The speed with which the graphitization takes place was through Investigations on an approximately 22 m thick round rod proved. The staff was off an alloy hot rolled, the 1.74% carbon, 2, a40 /, aluminum, 0.14% Silicon, 0.0150, 10 phosphorus and 0.012% sulfur. The rod samples were heated to 982 ° C and air-cooled. After an hour of heating it was Bound carbon reduced to a content of 0.15%, while at one Heating for 6 hours reduces only to 0.140 /, progress. One long graphitization annealing is therefore unnecessary.

The iron alloys used to practice the invention can for special purposes also other alloy elements such as chromium, vanadium and tungsten, contain, which have no graphitizing ability. Here, however, it must always be taken into account that the carbon is present in bonded form before hot forming and in the finished molded product remains capable of graphitization. Chromium is z. B. no Element that promotes graphite formation, but forms very stable carbides. chrome - is thus a powerful means of preventing graphitization. However can with sufficient enlargement of the silicon content or the content of a other graphitizing agents, the chromium is advantageously added to the alloys to produce products with special mechanical properties. These iron alloys have good lubricating properties due to the graphitic carbon, combined with great resistance to wear and tear. These latter properties are explained by the presence of chromium carbides in the iron alloy: chromium and the other alloying agents that make graphite formation more difficult therefore have no influence on the essentials on which the invention is based Apparitions. For this reason, apart from the carbon and the graphitizing agent, the remainder of the iron alloy can really be considered iron.

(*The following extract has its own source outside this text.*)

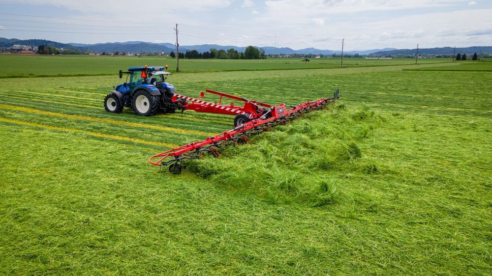 Le constructeur slovène Sip a fait sensation lors de la dernière édition d’Agritechnica avec une faneuse XXL qui dépassait des limites de son stand. La Spider HD est dotée de 16 toupies et travaille sur 17,20 mètres. Cet engin semi-porté dispose d’un point de pivotement plus à l’arrière du chariot. Un indicateur d’inclinaison assure le bon réglage de l’attelage, au travail comme au transport.
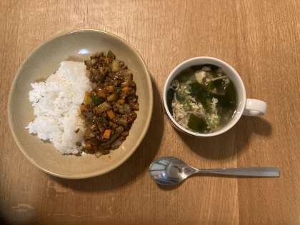4.今回はオクラの余りとわかめ,卵,少しごま油をたらして中華スープを合わせてみました。

The differences in the practice of the invention achievable properties also make various uses of the products possible. The simple iron alloys containing silicon and nickel are special suitable for brake drums, clutch plates and for similar purposes.

Claims (1)

PATENT CLAIMS. i. Manufacture of objects with good sliding properties according to patent 6856o9, characterized in that after the graphitizing glow furnace the objects are heated to temperatures between 76o ° C and 982 ° C and then quenched will. z. Method according to claim i, characterized in that the heat treatment to harden the objects is locally limited. 3. Use of iron alloys with 1.5 to 2.5% carbon, 0.9 to 60/0 silicon and with molybdenum and / or Nickel additives for the production of objects according to claims 1 and 2.